Identifying and extracting figures and tables along with their captions from scholarly articles is important both as a way of providing tools for article summarization, and as part of larger systems that seek to gain deeper, semantic understanding of these articles. While many "off-the-shelf" tools exist that can extract embedded images from these documents, e.g. PDFBox, Poppler, etc., these tools are unable to extract tables, captions, and figures composed of vector graphics. Our proposed approach analyzes the structure of individual pages of a document by detecting chunks of body text, and locates the areas wherein figures or tables could reside by reasoning about the empty regions within that text.

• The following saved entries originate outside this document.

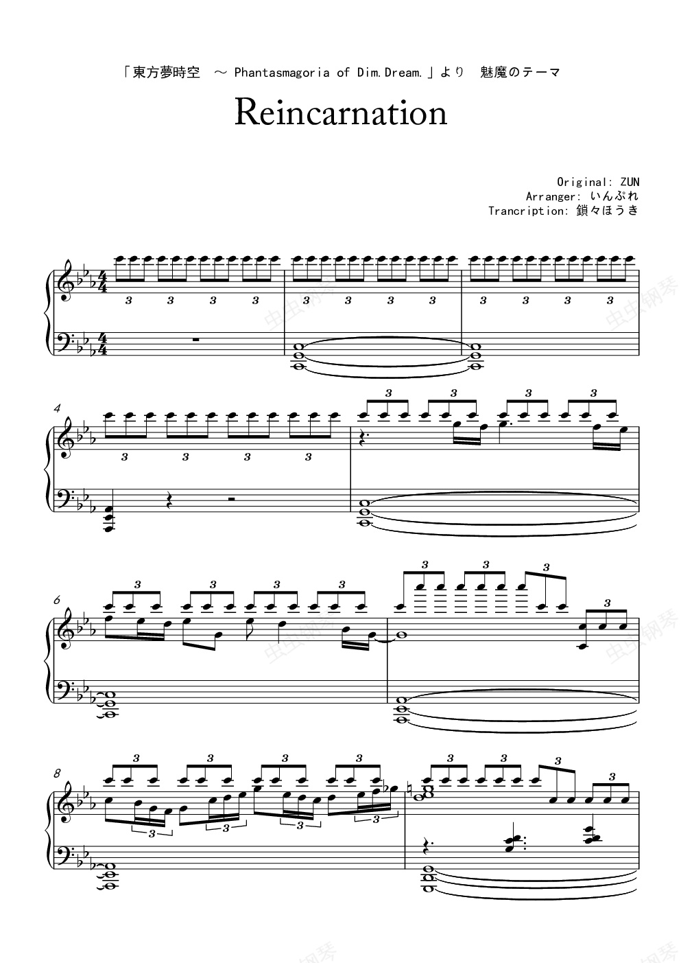 初次見面、請多多關照、吾輩是鎖々ほうき。いんぷれ沒有修改過的曲譜、抄起來真是令人頭疼、之前亂醬抄的明治十七年の上海アリス至少還能看、說多了就是淚、沒想到吾輩居然鴿了這麼久了_(:з」∠)_。譜面吾輩並沒有標註速度(沒錯いんぷれ是沒有標註的)、所以、憑感覺彈吧(完了、要被揍了)、因此、還是給一個參考會比較好。第1小節至第12小節(110)、第13小節至第第52小節(150)、第53小節至第第72小節(140)、第73小節至第第127小節(150)、第128小節至第第136小節(120)、第137小節至第第140小節(140)、第141小節至第第158小節(150)。···嘛、憑個人感覺就好了。試聽只是作為一個參考、畢竟因人而異。哦、對了、這譜對手小的人不是很友好哦(笑)。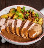 | Кордон Блю из говядины с пармой под грибным соусом с печеным картофелем | от 35 руб. |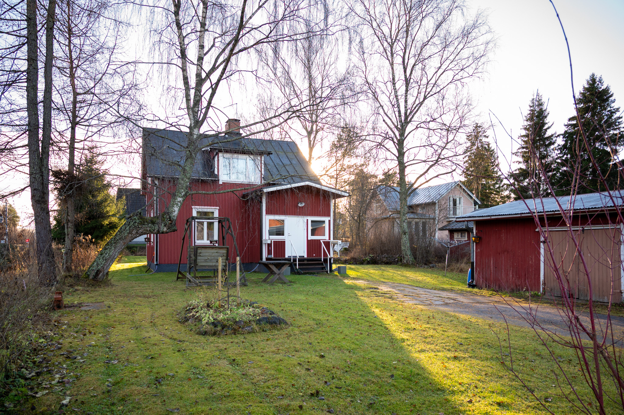 På tomten finns även en uthusbyggnad med praktiska förrådsutrymmen, perfekt för förvaring eller hobbybruk.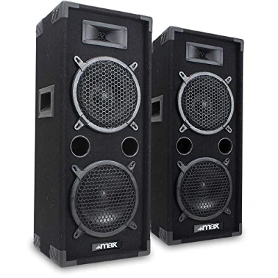Deliver full, punchy sound at every event with this integrated passive speaker pair – 1600W combined power, dual 8" woofers, piezo tweeter horns and robust carpeted enclosures for DJ, PA or party setups. Clear, high-frequency response and thumping bass deliver an immersive audio experience—ideal for mobile DJs, music venues and karaoke events needing loud, balanced, distortion-free sound for crowds and parties. Designed for portability with convenient side handles and lightweight build; this speaker pair moves easily between gigs, making transport and installation quick for event organisers and mobile entertainment. Multiple connectivity options with two Jack inputs plus clip terminals, allowing easy pairing with amplifiers or mixers; setup remains simple and quick without specialised cables, fitting a wide range of PA systems. Durable acoustic carpet finish protects against dings and scuffs, giving DJs, clubs, and venues a long-lasting, professional-looking solution that keeps up with regular use while boosting reliability and value.

This method can extract a wide variety of figures because it does not make strong assumptions about the format of the figures embedded in the document, as long as they can be differentiated from the main article's text. Our algorithm also demonstrates a caption-to-figure matching component that is effective even in cases where individual captions are adjacent to multiple figures. Our contribution also includes methods for leveraging particular consistency and formatting assumptions to identify titles, body text and captions within each article. We introduce a new dataset of 150 computer science papers along with ground truth labels for the locations of the figures, tables and captions within them. Our algorithm achieves 96% precision at 92% recall when tested against this dataset, surpassing previous state of the art. We release our dataset, code, and evaluation scripts on our project website for enabling future research.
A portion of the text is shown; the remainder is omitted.